TEMPO.CO, Jakarta - Posko yang dibentuk Badan Pengawas Pemilu (Bawaslu) untuk membantu calon pemilih yang belum melakukan perekaman Kartu Tanda Penduduk elektronik (e-KTP) masih sepi aduan. E-KTP adalah salah satu syarat untuk berpartisipasi dalam Pilkada 2018.
"Dari posko saya kira enggak ada kendala, cuma memang tingkat untuk pelaporan sudah ada, tapi belum banyak," ujar Ketua Bawaslu Abhan di gedung Bawaslu, Selasa, 27 Maret 2018. Kendati demikian, dia belum bisa menyebutkan angka aduan yang masuk.
Baca juga: 6,7 Juta Pemilih Belum Punya E-KTP, Bawaslu Buka Posko Aduan
Posko yang tersebar di 381 kabupaten/kota dan 17 provinsi itu beroperasi sejak penetapan Daftar Pemilih Sementara Nasional, 24 Maret 2018. Abhan mengatakan posko yang berlokasi di kantor-kantor Panitia Pengawas itu akan dibuka terus hingga menjelang penetapan Daftar Pemilih Tetap pertengahan April mendatang.

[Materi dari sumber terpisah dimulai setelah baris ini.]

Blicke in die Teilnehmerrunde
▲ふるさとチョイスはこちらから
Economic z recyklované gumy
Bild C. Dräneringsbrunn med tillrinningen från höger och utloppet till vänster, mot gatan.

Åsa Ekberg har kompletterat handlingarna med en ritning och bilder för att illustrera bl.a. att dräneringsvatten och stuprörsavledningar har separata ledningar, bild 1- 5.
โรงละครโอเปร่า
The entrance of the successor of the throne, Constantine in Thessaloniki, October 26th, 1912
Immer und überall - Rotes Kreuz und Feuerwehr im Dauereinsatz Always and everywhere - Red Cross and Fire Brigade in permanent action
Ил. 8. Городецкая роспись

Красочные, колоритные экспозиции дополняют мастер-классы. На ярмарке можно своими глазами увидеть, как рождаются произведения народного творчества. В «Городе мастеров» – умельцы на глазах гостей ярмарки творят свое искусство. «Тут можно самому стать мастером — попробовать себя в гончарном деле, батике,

Pembuatan posko tersebut juga bersinergi dengan Dinas Kependudukan dan Catatan Sipil setempat. Alasannya, karena melakukan perekaman menjadi kewenangan Disdukcapil.
Komisi Pemilihan Umum mencatat ada 6,7 juta dari 152,9 juta pemilih yang masuk Daftar Pemilih Sementara (DPS), namun belum melakukan perekaman e-KTP, sedangkan e-KTP menjadi persyarat untuk memilih. Bawaslu juga berkoordinasi dengan penyelenggara pemilu terkait hal ini.

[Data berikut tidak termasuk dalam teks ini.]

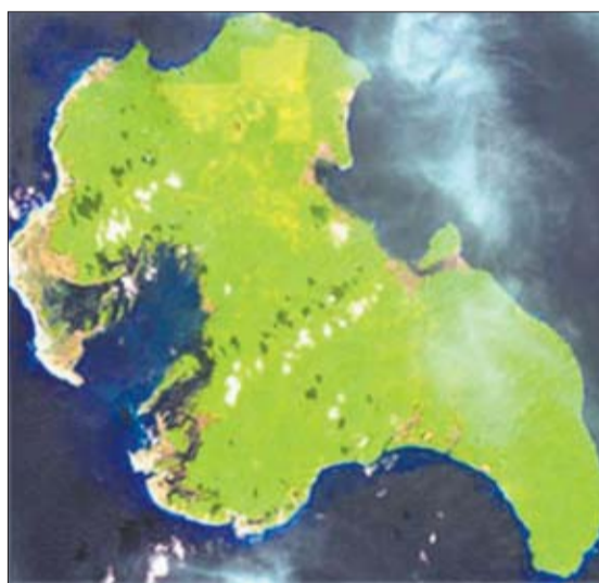
Bahía sumergida por el tsunami en la isla de Katchall, en el archipiélago indio de Nicobar, al norte de Sumatra.

que vuelvan a ser destruidos por otro tsunami y la política de prevención que adopten los Gobiernos de la zona. Recuerdo que, tras el tsunami de 1998 en Papúa Nueva Guinea, los expertos aconsejaron no reconstruir los pueblos en el mismo sitio en que estaban, debido al riesgo extremo de nuevos maremotos. Pero la verdad es que la mayor parte de la gente no tenía otro sitio adonde ir, de modo que acabaron volviendo al mismo lugar”.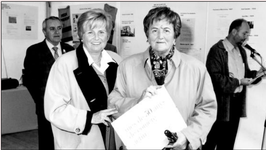
Un dels comerços guardonats va ser la farmàcia Maristany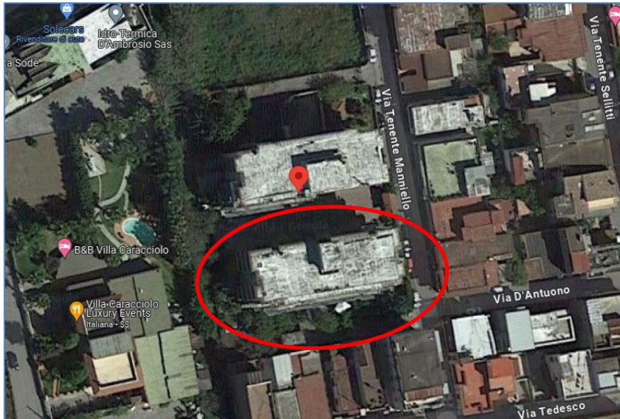
FIG. 1 - INQUADRAMENTO GENERALE

Per meglio comprendere quanto appena detto, a seguire si riporta la seguente ortofoto indicante il percorso stradale.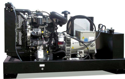
Модель открытого исполнения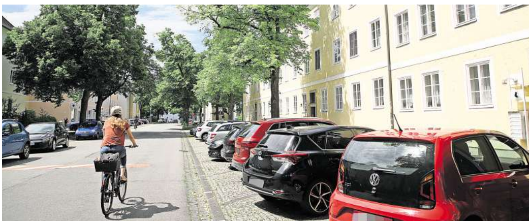
Mietwohnungen der Neuland in der Bebelstraße.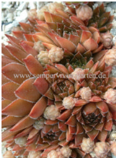
Sempervivum Old Rose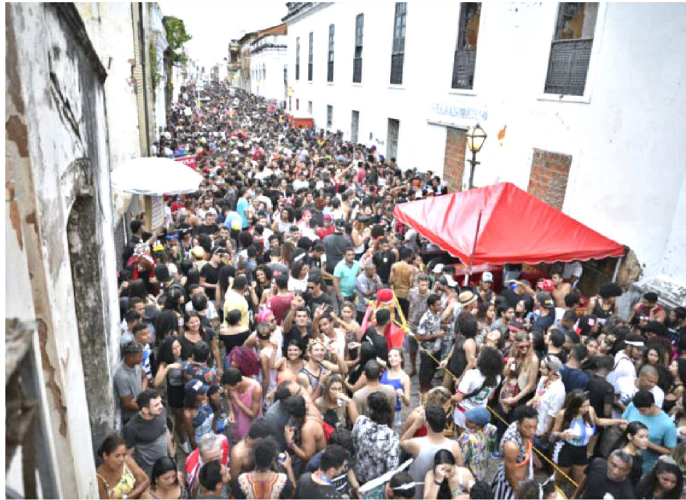
ESPECIALISTA REVELA QUE A FOLIA TORNA AS PESSOAS MAIS IMPULSIVAS E RELAXADAS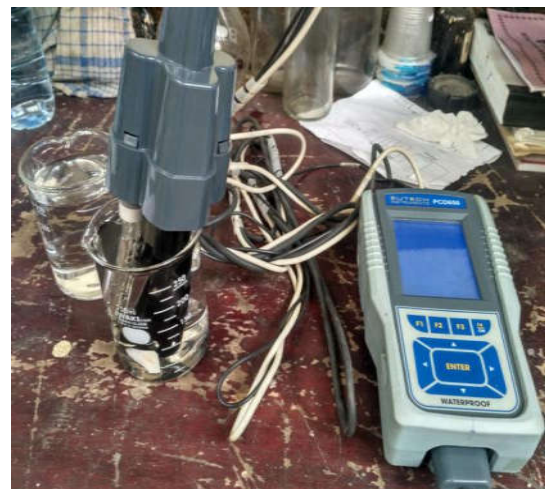
Pengukuran Kadar Oksigen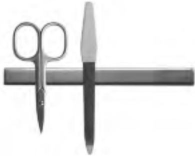
MagCap Magnetleiste „Style 110“ für kleine Utensilien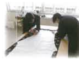
1年生 かすり実習服製作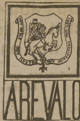
BODAS DE PLATA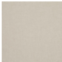
0616-45 SMART - ECRU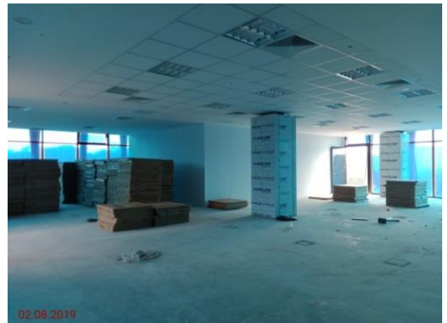
Aras 4 – Ruang pejabat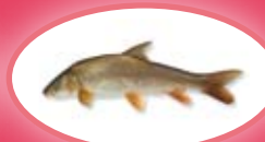
Barbeel - 30 cm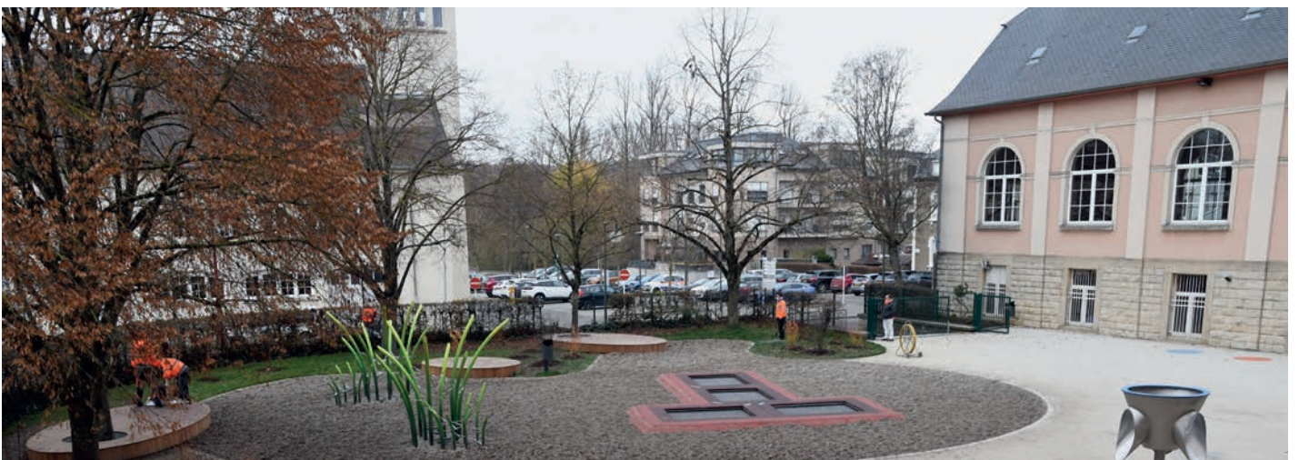
Park-Schoul zu Péiteng: e Schoulhaff fir sech auszutoben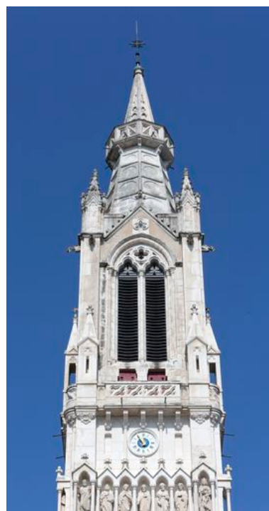
Clocher.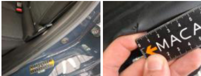
Porte AVG, Bosse(s), PDR - Débosselage ss peinture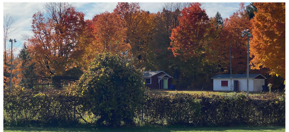
La première édition de la fête citoyenne aura lieu au parc Duhamel du Canton de Bedford.

« Le comité organisateur a travaillé fort pour offrir une programmation festive et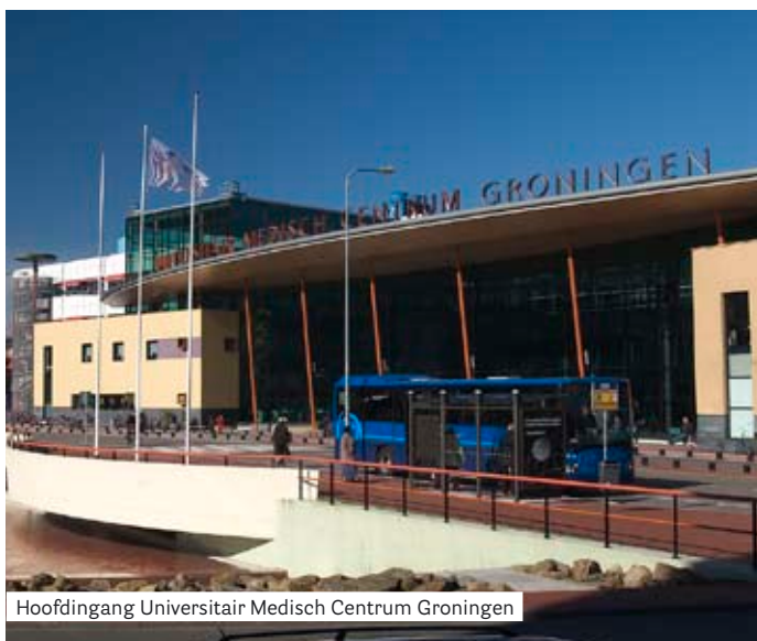
Hoofdingang Universitair Medisch Centrum Groningen

Als voorbereiding op een zorgstage in het eerste jaar doe je een training waarbij je als student op elkaar verzorgende handelingen uitvoert. Ook daarna oefen je nog regelmatig op je medestudenten in andere situaties. Want het is moeilijk om een patiënt, die in eerste instantie een vreemde is, op zijn gemak stellen, lichamelijk te onderzoeken en tegelijkertijd ook zelf nog eens ontspannen en aandachtig te zijn. Het omgaan en het praten met patiënten leer je door op en met elkaar te oefenen in rollenspellen en simulatietrainingen. Je vanaf het begin rustig en zeker voelen is belangrijk. Dat schept ruimte voor aandacht en zorgvuldigheid naar de patiënt en voor professioneel en authentiek gedrag bij jezelf.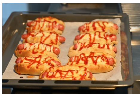
图 14-烘焙课同学们制作的热狗

Melihat jumlah pengadu yang belum banyak, Abhan mendorong masyarakat untuk melakukan pengaduan. "Sambil pengawas kami aktif juga untuk mengidentifikasi kira-kira sudah jelas sekian jumlah yang tidak memiliki e-KTP," kata dia.
Baca juga: Bawaslu: Ada Dana Rp 14 Miliar di Luar Rekening Pilkada 2018
Menurut Abhan, daerah yang agak lambat soal perekaman e-KTP ini adalah di kawasan Indonesia timur. Selain karena masalah geografis, kendala yang terjadi di Indonesia Timur adalah lantaran kultur setempat. "Karena tidak bisa melakukan rekam (e-KTP)," ujarnya. "Maka saya kira ini tanggung jawab bersama antar penyelenggara dengan jajaran Dukcapil untuk aktif mendorong rekam e-KTP".

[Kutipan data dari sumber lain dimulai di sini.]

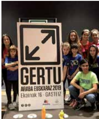
'Gertu' izango da jaiaren lema.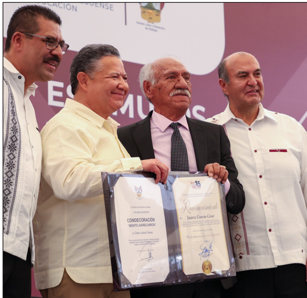
▲ Destacaron el profesionalismo de los 2 mil 077 docentes que se dedican a la formación de niñas y niños.

Certificado de Reserva otorgado por el Instituto Nacional del Derecho de Autor: 04-2021-080217242200-101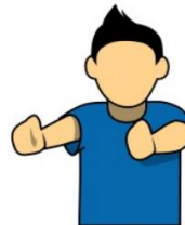
23. 誰がコールしたか 「コールドバイオフENS」 (ディフェンス) コールをしたチームが守っている エンドゾーンに両手を向ける。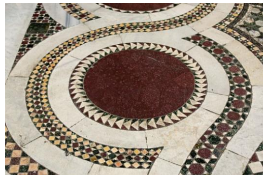
dlážková mozaika baziliky Santa Maria Maggiore v Ríme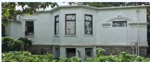
薄島林牧場 (舊牛奶公司高級職員宿舍)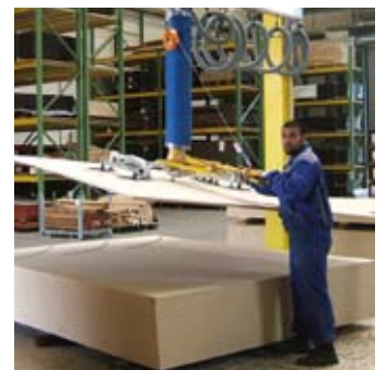
Handhabung von großflächigen Spanplatten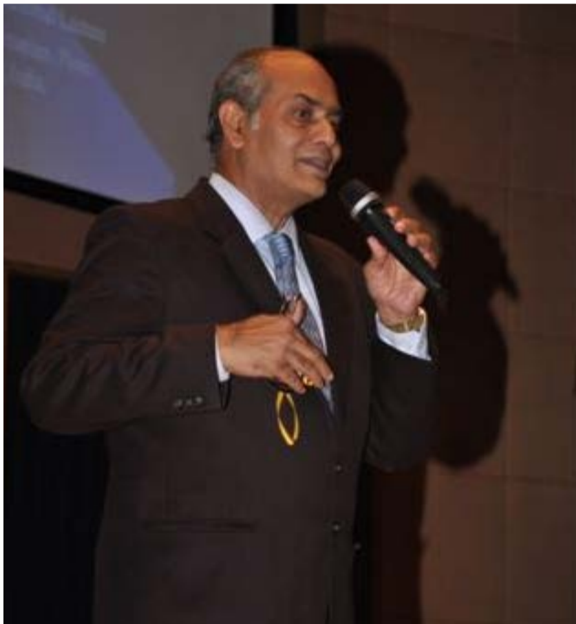
O psiquiatra indiano defende medicina de prevenção para levar à longevidade: não à medicina paliativa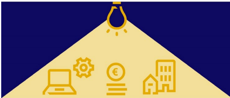
Figuur 6: Alle rijksbezittingen verdienen het te worden belicht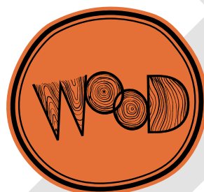
要素をバラさない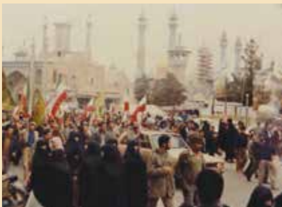
شکل ۱۰-۴- عزیمت رزمندگان استان قم به جبهه‌های جنگ

در آبان ماه ۱۳۶۱ با ایجاد تغییراتی در سازماندهی نیروهای سپاه، لشکر ۱۷ علی بن ابی‌طالب - علیه السلام - سازمان یافت و نیروهای اعزامی از استان قم به همراه چند استان دیگر در این لشکر سازماندهی شدند و به دفاع از میهن اسلامی پرداختند.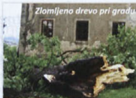
Zlomljeno drevo pri gradu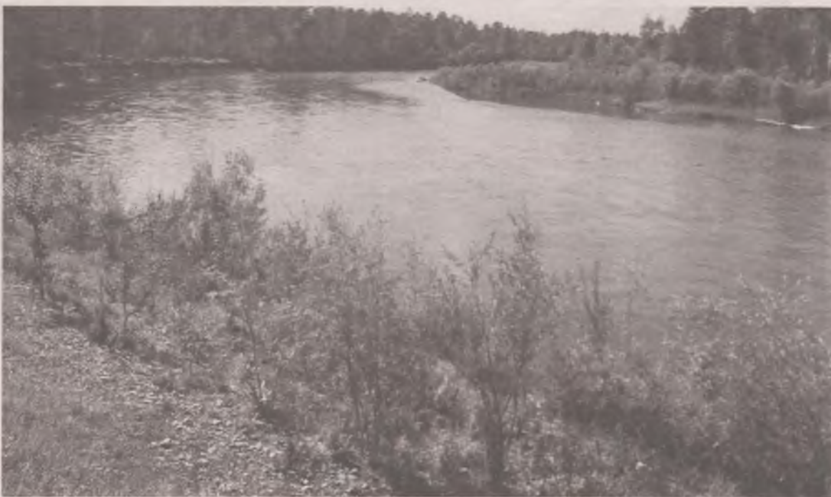
Деревни всегда строили вдоль рек. Раньше воду из них использовали для питья. Сейчас только для хозяйственно-бытовых нужд.

Скоро ангарчане из водопроводных кранов будут пить вкусную воду из артезианской скважины: ту самую, что сейчас покупают в бутылках с названием «Чебогорская». Новый водозабор уже проектируется. А зачем ждать, если можно поехать в Чебогоры прямо сейчас и набрать этой самой вкусной воды?

Abhan menilai validitas DPT Pilkada mempunyai arti penting untuk DPT Pemilu nasional. Sebab, DPT Pilkada ini nantinya akan menjadi bahan untuk membentuk DPS Pemilu.
"Mengapa kami sampai ada posko, itu agar betul-betul memvalidkan data DPS yang akan menjadi DPT ini," kata dia. Apalagi, jumlah DPT Pilkada 2018 ini bisa mencapai sekitar 81 persen dari DPT nasional. "Pada prinsipnya, kami harus melindungi hak warga sebagai pemilih."